L  =  T(q, q̇)  −  V(q)          # Lagrangian: kinetic minus potential

d/dt ( ∂L/∂q̇ )  −  ∂L/∂q  =  τ   # Euler–Lagrange: turn the crank → torques τ
Write one energy expression, apply one formula, and the joint torques τ fall out.

Road two: Newton–Euler, the force bookkeeper

The Newton–Euler route refuses to leave the physical world for even a moment. It applies two laws to every single link: Newton's law (net force equals mass times the acceleration of the link's center of mass) and Euler's law (net torque equals the rate of change of angular momentum, which involves the link's inertia tensor). Two equations per link, written out honestly in vectors.

The catch is that the links are coupled: the hand pushes on the forearm, which pushes on the upper arm, all the way down to the base — and gravity and inertia act on every piece at once. So you cannot solve one link in isolation. You have to bookkeep the forces and momenta passing between neighbors, link by link, frame by frame. It is concrete and physically transparent — you can point at every term and say what it *is* — but it is also fussy, and a single mislabeled frame or wrong sign quietly corrupts everything downstream.

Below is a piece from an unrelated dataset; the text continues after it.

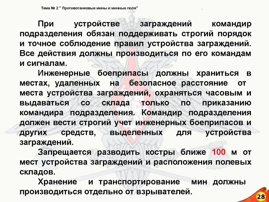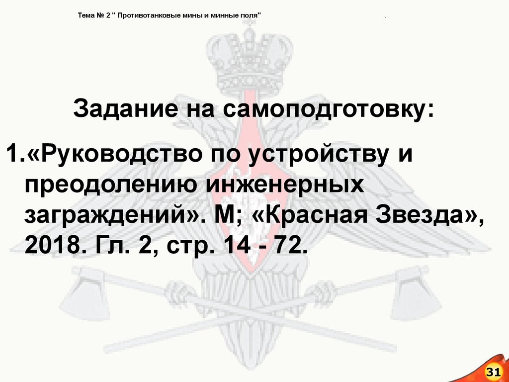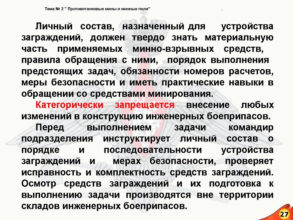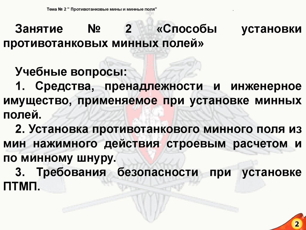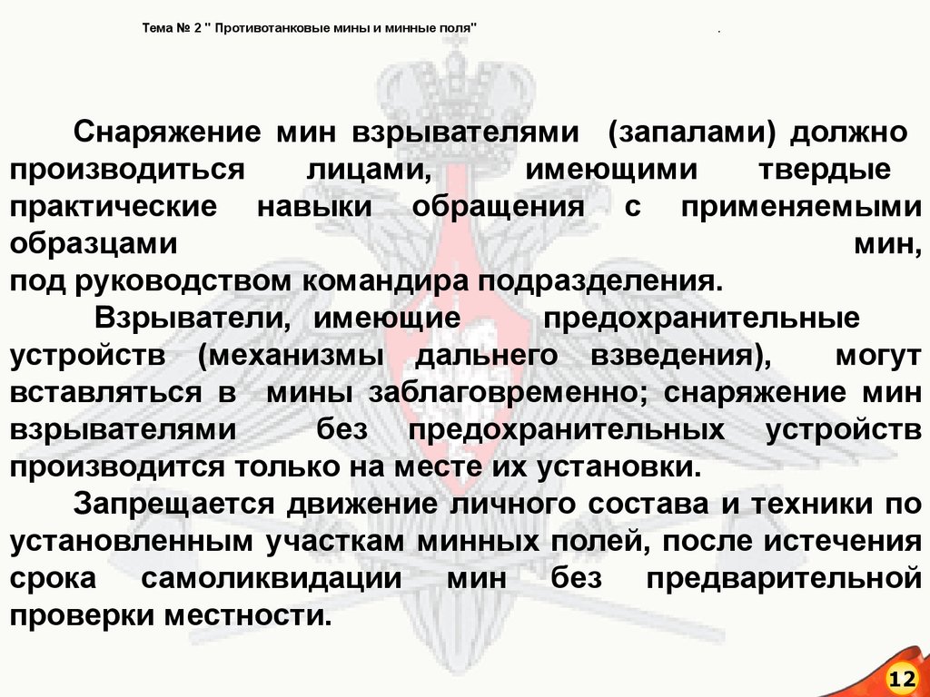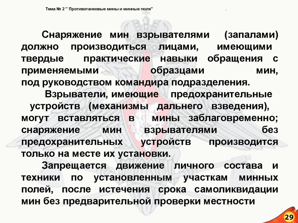 Тема № 2 " Противотанковые мины и минные поля"Занятие

What robots actually run: the recursive algorithm

Naively building the full symbolic equation and then plugging in numbers costs work that grows faster than the joint count — too slow to run a thousand times a second on a real arm. The fix is the recursive Newton–Euler algorithm (RNEA), and it is what production controllers genuinely execute for inverse dynamics: given desired joint positions, velocities, and accelerations, compute exactly the torques needed.

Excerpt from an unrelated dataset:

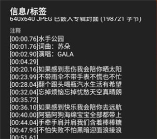 2、当然了还有一种方法可以支持手动添加歌词,那就是运用歌曲标签。同样的点击菜单,点击【信息/标签】,在标签中将歌词复制进去,这样就能显示歌词了。

  1. Outward pass (base → tip): starting from the fixed base, propagate velocity and acceleration up the chain, one link at a time, so each link knows how it is moving and accelerating.
  2. From each link's motion, compute the force and torque acting on it, using Newton's and Euler's laws with the link's mass and inertia tensor.
  3. Inward pass (tip → base): starting from the end-effector, sum forces and torques back down the chain, so each joint collects everything the links beyond it impose on it.
  4. Project each joint's total force and torque onto its motion axis to read off the required actuator torque — done in time linear in the number of joints, i.e. O(n).

That two-sweep structure is why the recursive form is so fast: each link is visited a fixed number of times, so doubling the joints only doubles the work. The same machinery also underpins forward dynamics (predicting motion from given torques, used inside simulators) and feeds model-based controllers such as computed-torque control.